Что дальше следовало в сожженной редакции 1843–1845 гг., усматривается из слов уцелевшей последней главы о самом Муразове: «повел Хлобуева в комнатку, уже знакомую читателю, неприхотливее которой нельзя было найти и у чиновника, получающего семьсот рублей в год жалованья». Эта «уже знакомая читателю», но в уцелевшей главе отсутствующая картина жилища Муразова предполагает особую посвященную ему главу, по образцу глав первой части, большинство которых имеют по собственному герою, а герои (Манилов, Коробочка, Ноздрев, Собакевич, Плюшкин) показаны на фоне собственного жилища. Вместе с Муразовым вступал, очевидно, в рассказ и князь: их диалог в сохранившейся главе предполагает в предыдущих главах поэмы ряд аналогичных диалогов на сходные темы: «Вот вам Чичиков!» говорит вошедшему Муразову князь: «Вы стояли за него и защищали», – напоминание, выходящее за пределы наличной главы, как и реплика Муразова: «Вы несколько раз приказывали мне откровенно говорить».
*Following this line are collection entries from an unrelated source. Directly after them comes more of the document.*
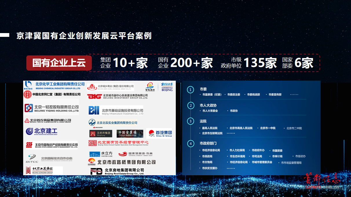 京津冀國有企業(yè)創(chuàng)新發(fā)展云平臺案例:首都信息作為市國資委支持的“京津冀國有企業(yè)創(chuàng)新發(fā)展云平臺”云服務(wù)商,積極為市屬國資國企提供安全可信云基礎(chǔ)設(shè)施及私有云解決方案,為企業(yè)提供在線管控(“三重一大”決策與運行監(jiān)管、大額資金動態(tài)管控等)、數(shù)字化運營(業(yè)財一體化平臺等)、協(xié)同服務(wù)(融媒體、營銷、移動平臺等)等數(shù)字化平臺解決方案,取得較好應(yīng)用效果。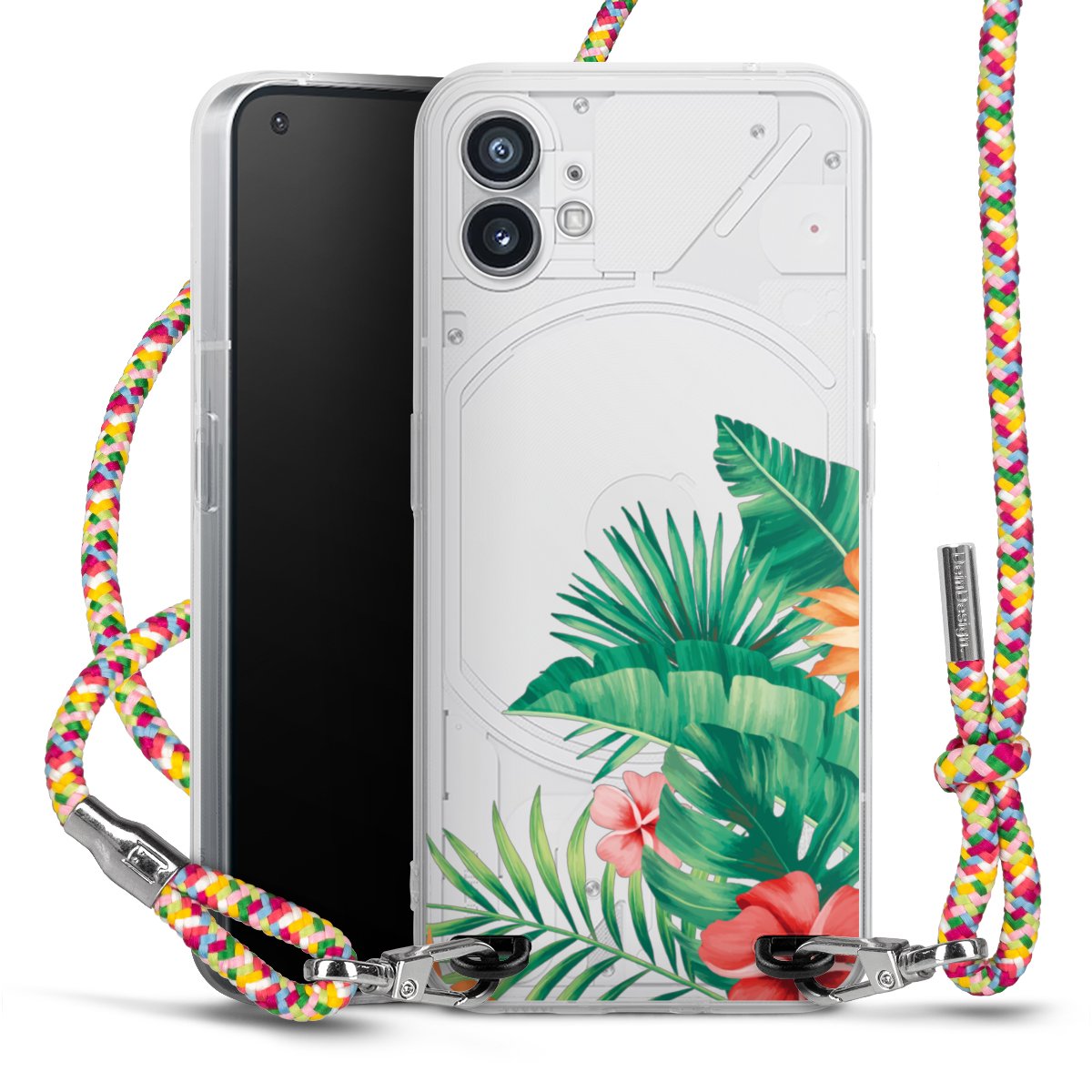 The flexible case is made from a highquality TPU material (thermoplastic Polyurethan). Thanks to its longlasting and break resistant characterisitcs, the case is flexible yet consistent in form and has a great grip and feel. The textile strap made from Polyester gives a chic yet casual accent allowing you to carry your phone like a bag or necklace - a practical gadget perfect for your next adventure. The textile strap is about 1.70 meters long and the length can easily be adjusted through the knots. Our Carry Case is available in Colourful, Mint-Camouflage, Very-Berry, Sahara-Sand and Sparkling-Neon. The ends of the textile strap are covered with metallic end caps to protect them against fraying.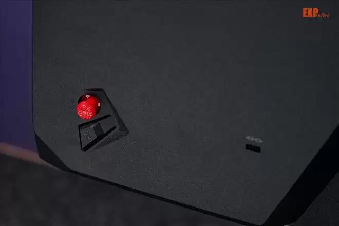 同样值得注意的一个点是,MPG 272QRF X36的按键和摇杆并不在经典的位置,也就是正面的微星LOGO下方,而是在右侧(这里是以玩家面向来说)。而且布局方面也有所变化:仅是摇杆和电源按键各一个。不远处就是Kensington锁孔。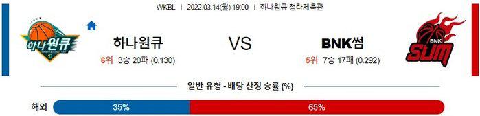 [WKBL] 3월 14일 하나원큐 vs BNK 썸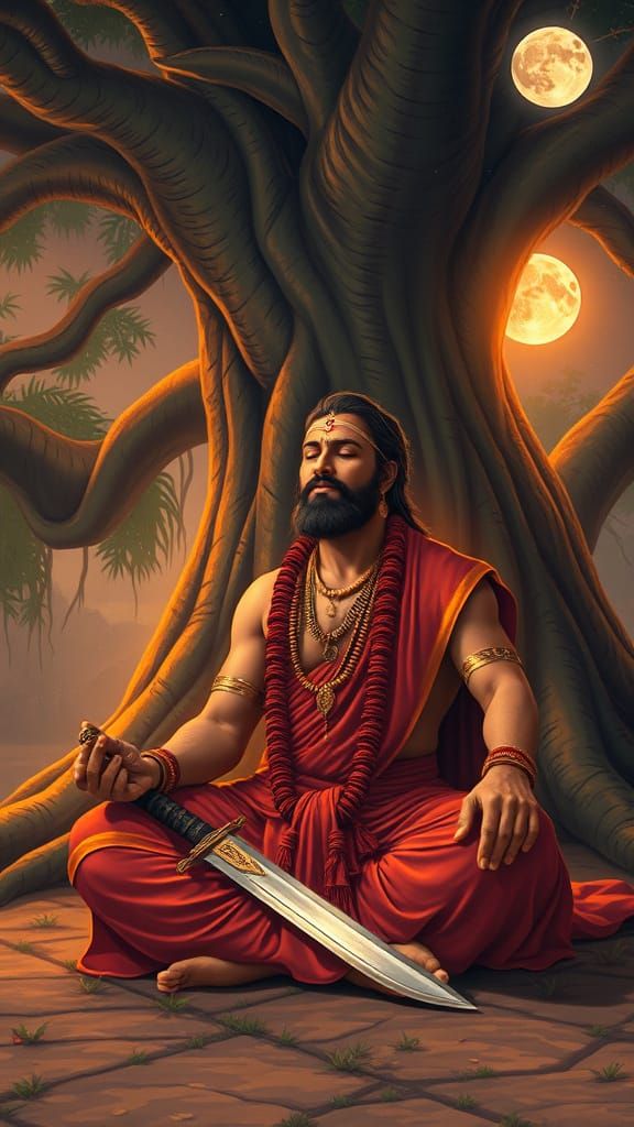 A serene warrior in traditional Indian clothing meditates under a banyan tree. Soft, warm lighting and a cosmic aura surround him, rendered in the style of traditional Indian art with warm tones.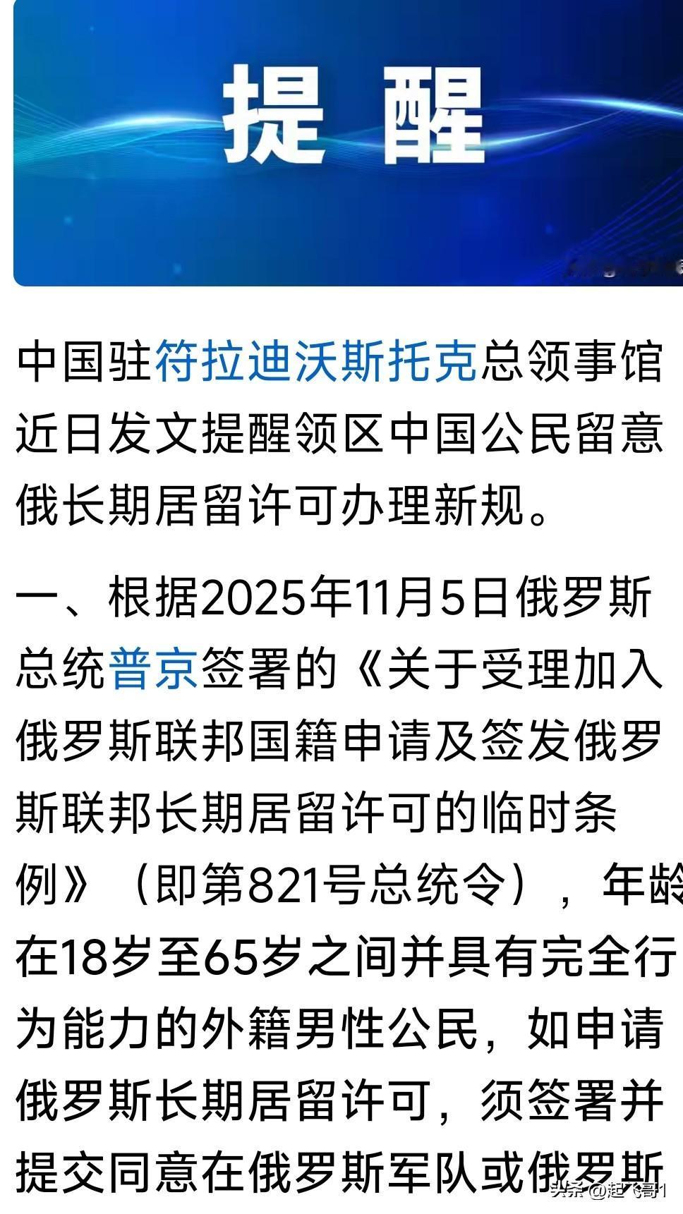 这一下就能看出来,俄罗斯兵源紧张了,兵源紧张就证明俄罗斯这几年和乌克兰战争带来的伤害,俄罗斯男人不够用了。 俄罗斯把手伸向外籍男性公民了,根据2025年11月5号俄罗斯总统普京签署《关于受理加入俄罗斯联邦国籍申请及签发俄罗斯联邦长期居留许可的临时条例》(既821号总统令),18-65周岁的男性公民想在俄罗斯居留,都必须到俄罗斯部队服役至少一年。 以后想拿到俄罗斯国籍的外国公民都必须有俄罗斯联邦军队或者俄罗斯兵役机关提供在俄罗斯服役证明才能拿到俄罗斯国籍或者长期居留证。 18-65周岁俄罗斯部队都要,俄罗斯这招是不是要抓或者驱离更多的间谍呢,60多岁了能去部队干什么,这是俄罗斯驱离在俄罗斯国内的境外间谍,让他们无处藏身。要不然就去俄罗斯部队服役去吧。服役完事才给你们遣送回国。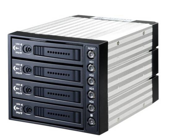 Interfaccia SAS o SATA I, II, III. Occupa 3 alloggiamenti da 5.25" per 4 HD da 3,5". In alluminio, colore nero, con una ventola di raffreddamento. La connessione degli Hard Disk sul backplane non necessita di cavi.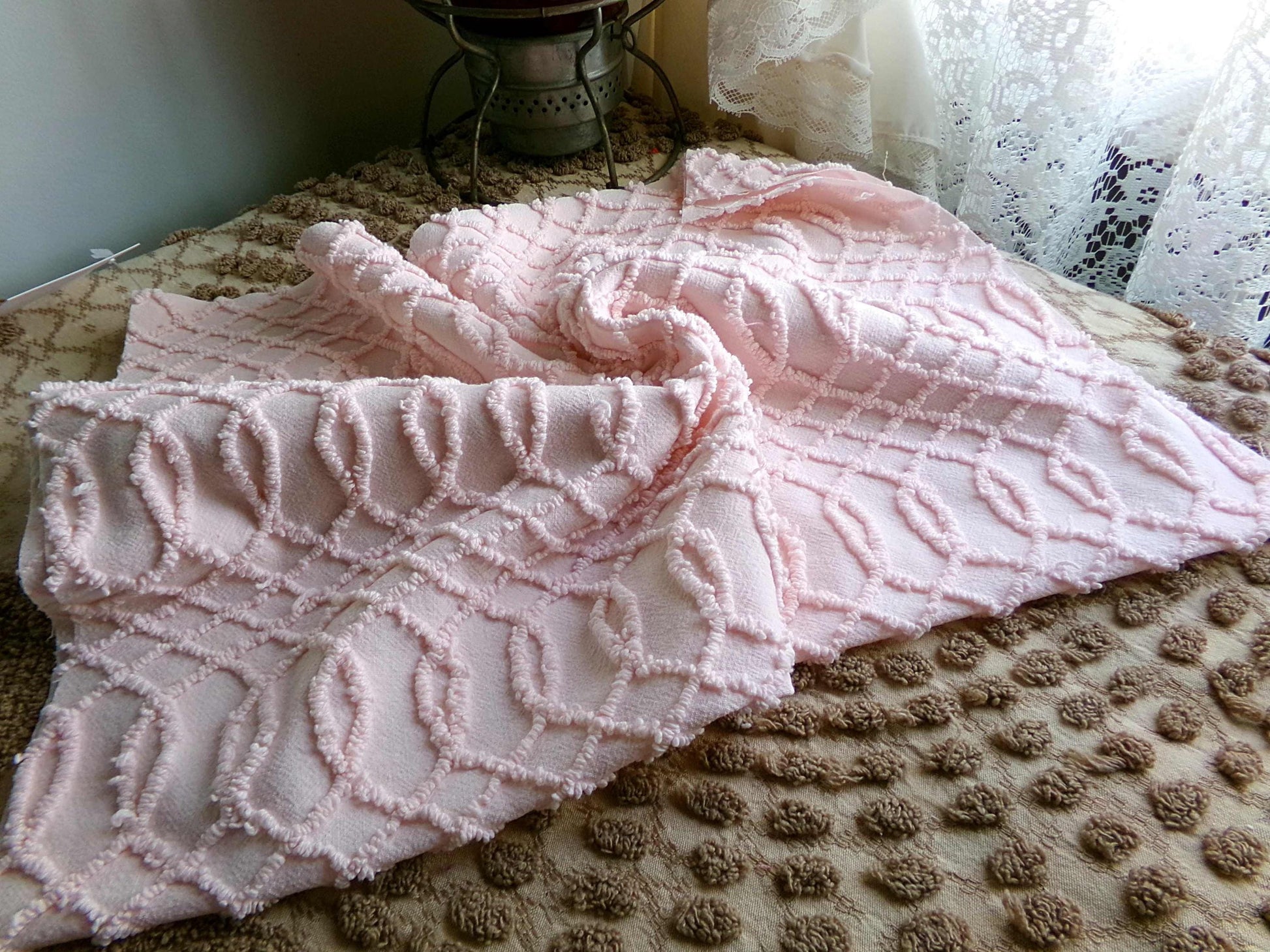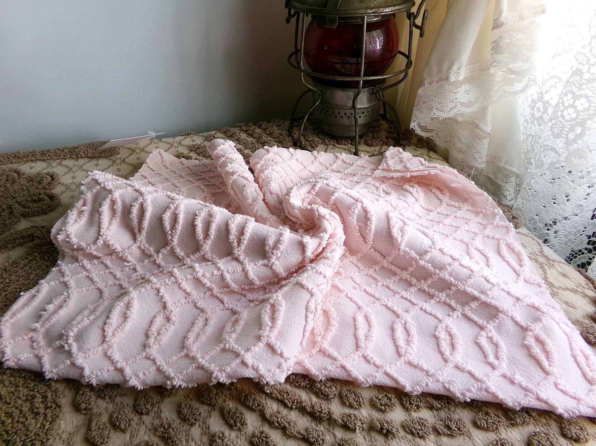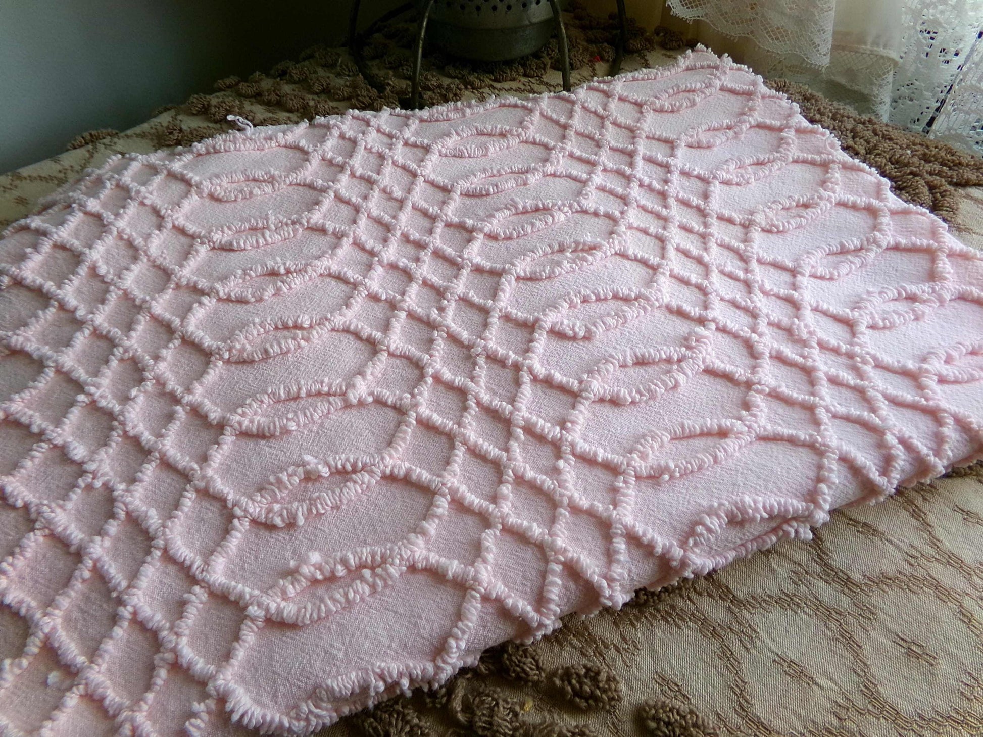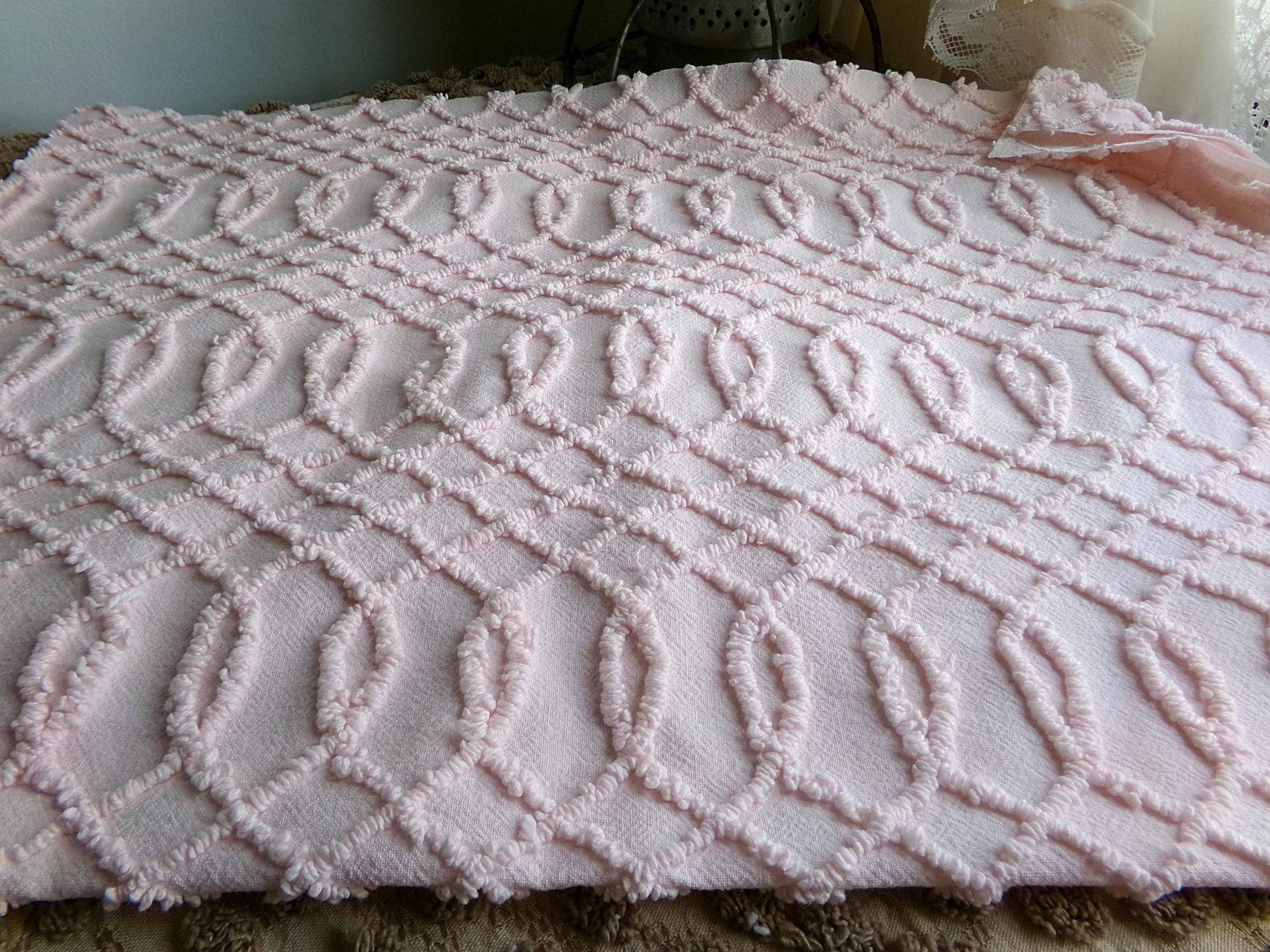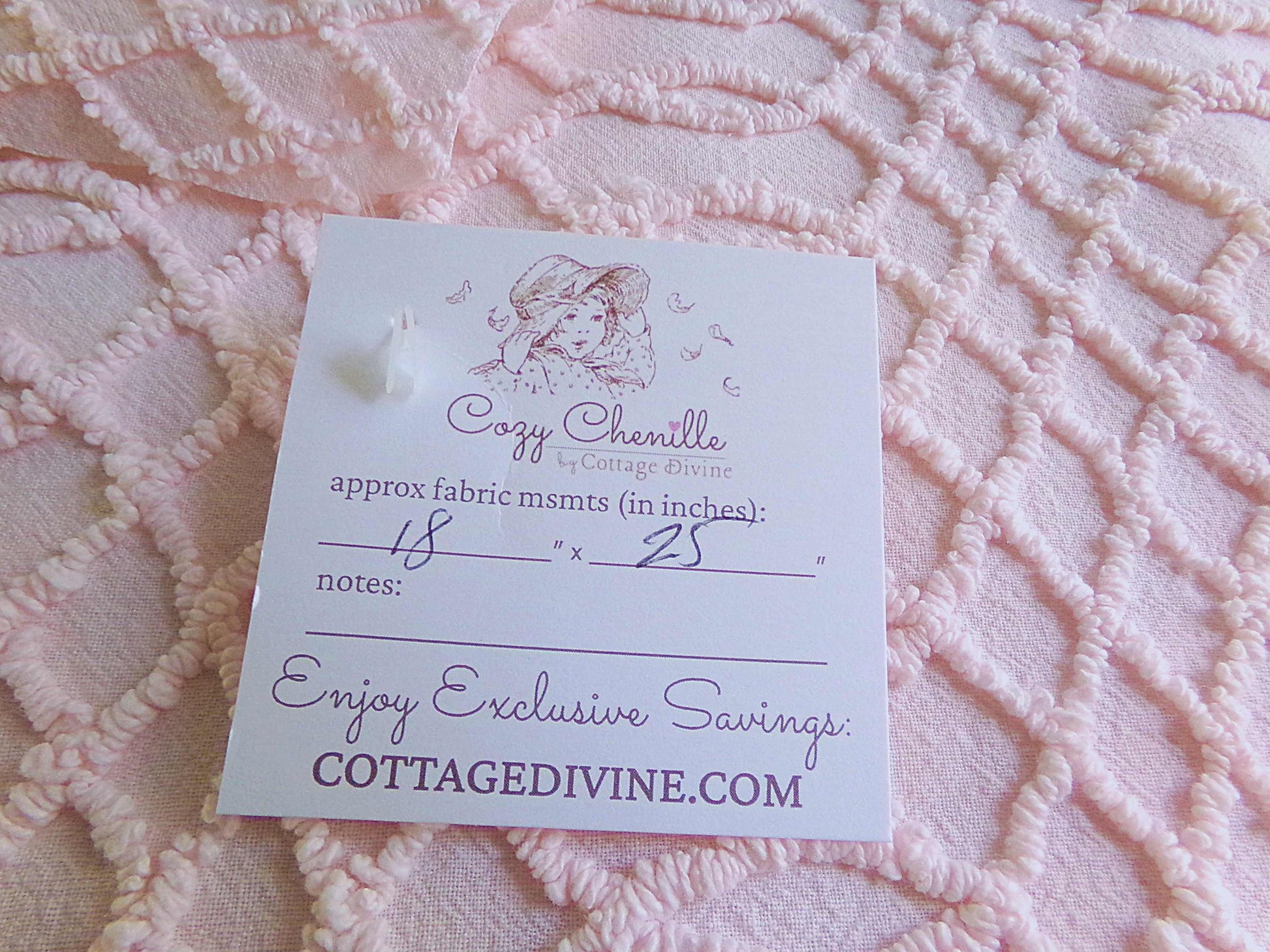 Beautiful, delicate pink vintage chenille fabric in an infinity link pattern. Intricate needletufting, a hallmark of Cabin Crafts quality designVery feminine medium pink colorway. Measures approx 18" x 25" inches; 100% cotton with strong groundcloth; easy to sew with.w h a t - t o - k n o w

Сожженную в 1845 г. редакцию второго тома Гоголь охарактеризовал (в четвертом письме по поводу «Мертвых Душ» в «Выбранных местах из переписки с друзьями») как «пятилетний труд, производимый с такими болезненными напряжениями, где всякая строка досталась потрясением, где было много такого, что составляло мои лучшие помышления и занимало мою душу. Но, – продолжает он, – как только пламя унесло последние листы моей книги, ее содержание вдруг воскреснуло в очищенном и светлом виде, подобно фениксу из костра, и я вдруг увидел, в каком еще беспорядке было то, что я считал уже порядочным и стройным. Появление второго тома в том виде, в каком он был, произвело бы скорее вред, нежели пользу… Вывести несколько прекрасных характеров, обнаруживающих высокое благородство нашей породы, ни к чему не поведет. Оно возбудит только одну пустую гордость и хвастовство… Бывает время, что даже вовсе не следует говорить о высоком и прекрасном, не показавши тут же ясно, как день, путей и дорог к нему для всякого. Последнее обстоятельство было мало и слабо развито во втором томе „Мертвых душ“, а оно должно было быть едва ли не главное; а потому он и сожжен». Другими словами, метод статического изображения душевных качеств для героев второго тома, с «характерами значительнее прежних», оказывался неприменимым; на простых аналогиях или антитезах к первому тому второй том построить не удалось: художник с ужасом почувствовал, что «повторяется». Предстояло поэтому обновить не только бытовой материал, но и приемы изображения. Недаром первая же попытка после выздоровления снова взяться за оставленный труд свелась как раз к разграничению художественных сфер первой и второй части.

16 марта 1846 г. Гоголь писал из Рима Жуковскому о «небесных минутах», выпавших ему на долю среди страданий болезни, прибавляя: «Мне даже удалось кое‑что написать из „Мертвых душ“, которое всё будет вам в скорости прочитано». По верному предположению Тихонравова, след этого минутного возврата к только что сожженным «Мертвым душам» сохранился в отрывке: «Идея города – возникшая до высшей степени пустота».[108]В наибольшей своей части касаясь первого тома поэмы, предназначавшегося тогда к переизданию в исправленном виде, отрывок этот, однако, в конце переходит от первой части ко второй: «Весь город со всем вихрем сплетней – преобразование бездельности жизни всего человечества в массе… Противоположное ему преобразование во II части, занятой разорванным бездельем». У Гоголя была мысль о возобновлении работы над обоими томами сразу. «Первая часть мне потребна при писании второй и притом нужно ее самоё значительно выправить», – говорит Гоголь в том же письме. Однако надежда на выполнимость такого двойного труда быстро сменяется разочарованием. Уже в апреле того же 1846 г. Гоголь признается Шереметевой, что только в дороге попытается «продолжать доселе плохо и лениво происходившую работу»; но и дорога, в которую он пускается в мае, для «Мертвых душ» не дает на этот раз ничего. Литературные планы Гоголя с «Мертвых душ» целиком переносятся на затеянную в то время публикацию «Переписки».[109]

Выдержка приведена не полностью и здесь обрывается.